Large system prompt causes OOM errors on NDIF

arunasank · July 30, 2025, 7:51pm

Hi I am interested in testing out longer system prompts which causes the context length to be very large. For example, I am testing a private system prompt which when added to my input leads to a context length of 67428 tokens. This causes OOM errors on NDIF.

michael · August 1, 2025, 8:46pm

Hi, one thing we could do at some point is host 405B in 8 bit precision. We would need to inform other users, but this is definitely something we could discuss.

Additionally, we definitely would be open to hosting more longer context models! Feel free to list any which meet your requirements

We already discussed these details a fair bit on discord, but for convenience, here is a kv caching huggingface article: KV cache strategies . It would probably be worth experimenting a bit with different setups.

You can configure your caching strategy directly in .generate() e.g.:

with model.session(remote=True):
    with model.generate("ayy", max_new_tokens=100, cache_implementation="offloaded") as tracer:
        out = model.generator.output.save()

Let me know if you run into any issues / how things go!

arunasank · August 2, 2025, 9:05pm

This is mad cool! Thanks for teaching me something new. I’ll test this out and report back.

Tried this today, and it didn’t work. I also tried to completely disable the cache, but that didn’t work either.

michael · August 4, 2025, 1:10pm

When you say it didn’t work, do you mean it didn’t seem to reduce the VRAM usage or the request failed? Either way I can look further into it

arunasank · August 4, 2025, 1:45pm

Thanks! I don’t have access to the VRAM usage, but the request failed w a CUDA OOM.

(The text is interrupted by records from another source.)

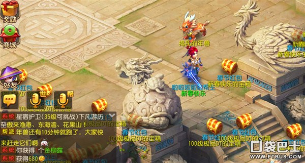 春节活动期间全天,可以在商城购买红包,打开红包后自己可以获得一定的奖励,同时会在当前场景撒下宝箱,供其他玩家捡。
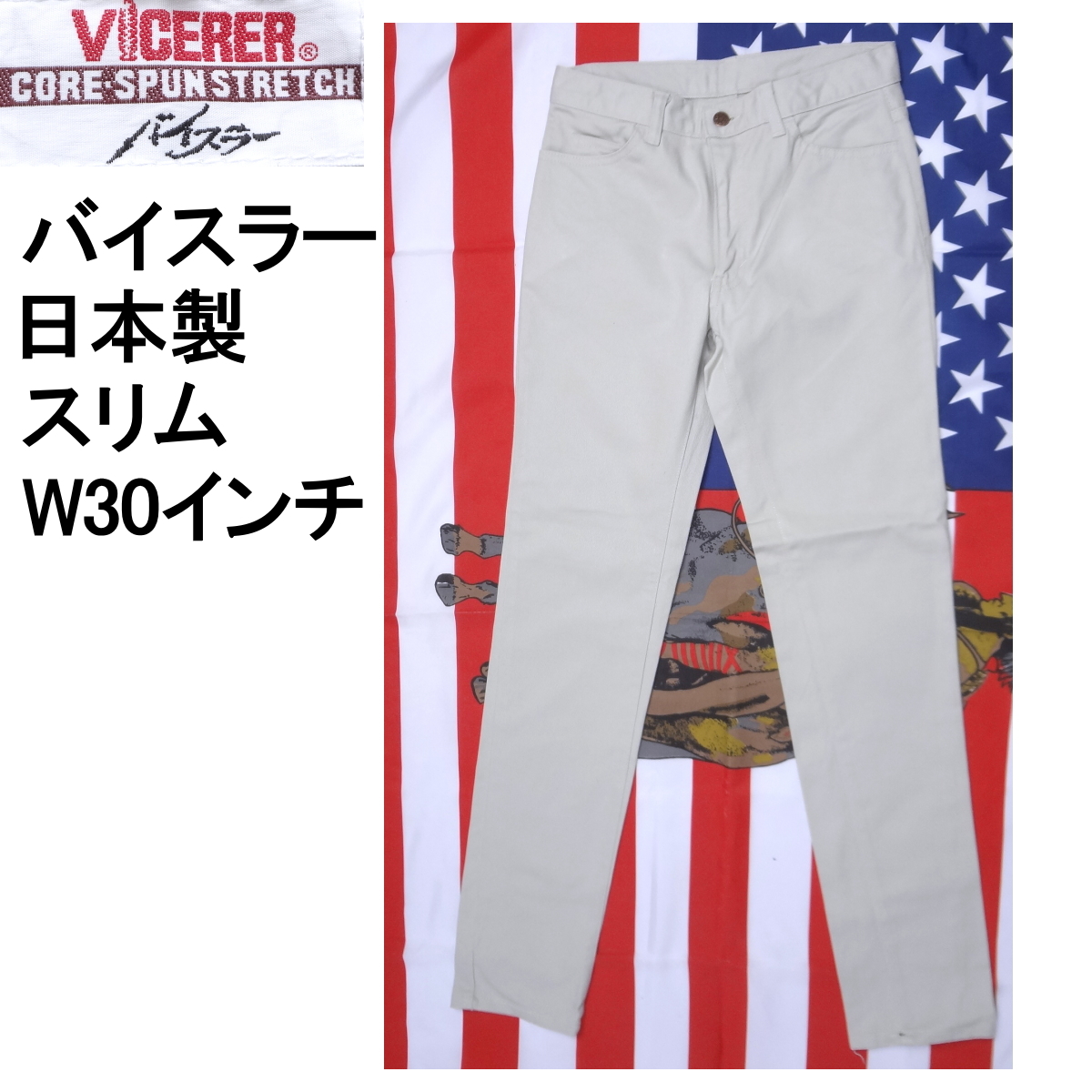 VICERERバイスラーのパンツ、実店舗の店頭展示品を1度洗濯しただけの未使用品、ホワイトベージュジーパン、綿95%/ポリウレタン5%
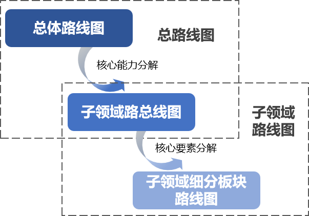 汽车企业数字化转型路线图包括三个组成部分,分别是总体路线图、子领域总路线图、子领域细分板块路线图,三部分逐层向下拆解,如图5.2。

michael · August 4, 2025, 8:37pm

Hmm, I just tried out comparing cache_implementation="dynamic" (the default) with cache_implementation="offloaded", the latter used far less VRAM. Are you able to get more tokens generated before hitting the OOM with “offloaded”?

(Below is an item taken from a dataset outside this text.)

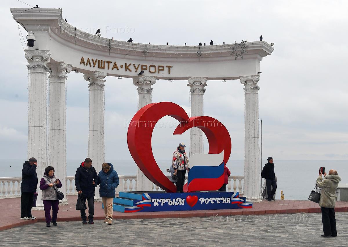 Виды Алушты. Жанровая фотография. Туристы на набережной города.
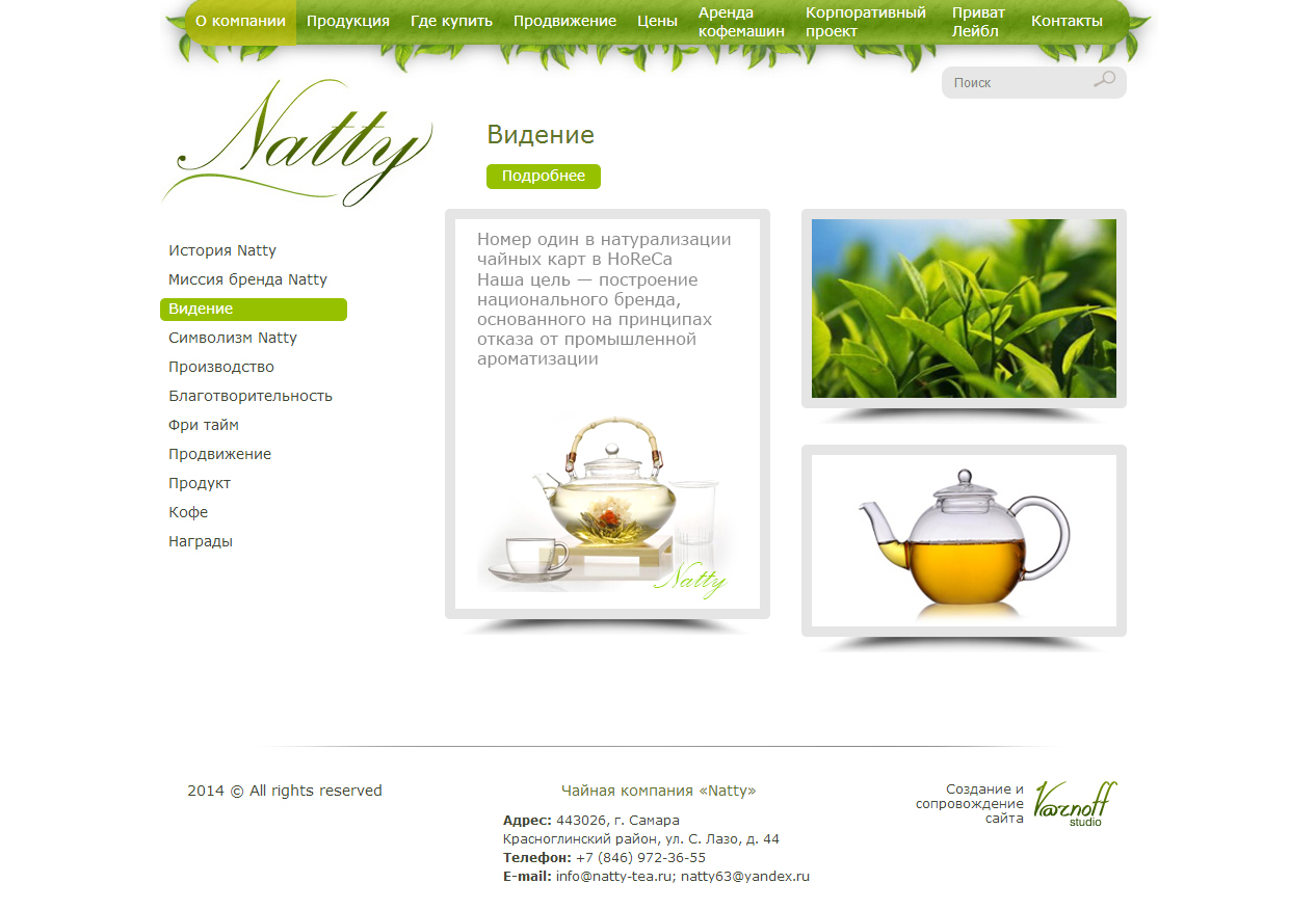 Неудивительно, что лучшими иллюстрациями и деталями оформления для сайта компании, занимающейся элитными сортами чая, стали крупные и качественные фотографии ее собственной продукции.

michael · August 5, 2025, 4:38pm

To help with diagnosing your issue, would you be able to do the following:

Share a reproducible code snippet of what your generation setup looks like (just to be sure we are on the same page / catch any accidental memory leaks)
Try running your code with cache_implementation="offloaded" and report back how many tokens you were able to generate before OOM.
Similarly, running your code passing use_cache=False to .generate() and reporting how many tokens before OOM

I’m somewhat optimistic that with our cluster setup, it could be possible to generate 128K tokens (even with unquantized 405B), and want to see how much we could get away with before jumping to hosting a INT8 405B model. I read a huggingface article outlining the memory requirements needed for 128K tokens, and our 405B node technically has enough extra memory (though only in aggregate across 8 devices which is why I think you still get the OOM).

arunasank · August 5, 2025, 5:28pm

Thank you. I’ll do this on Thursday!, once the 405B model is back in rotation!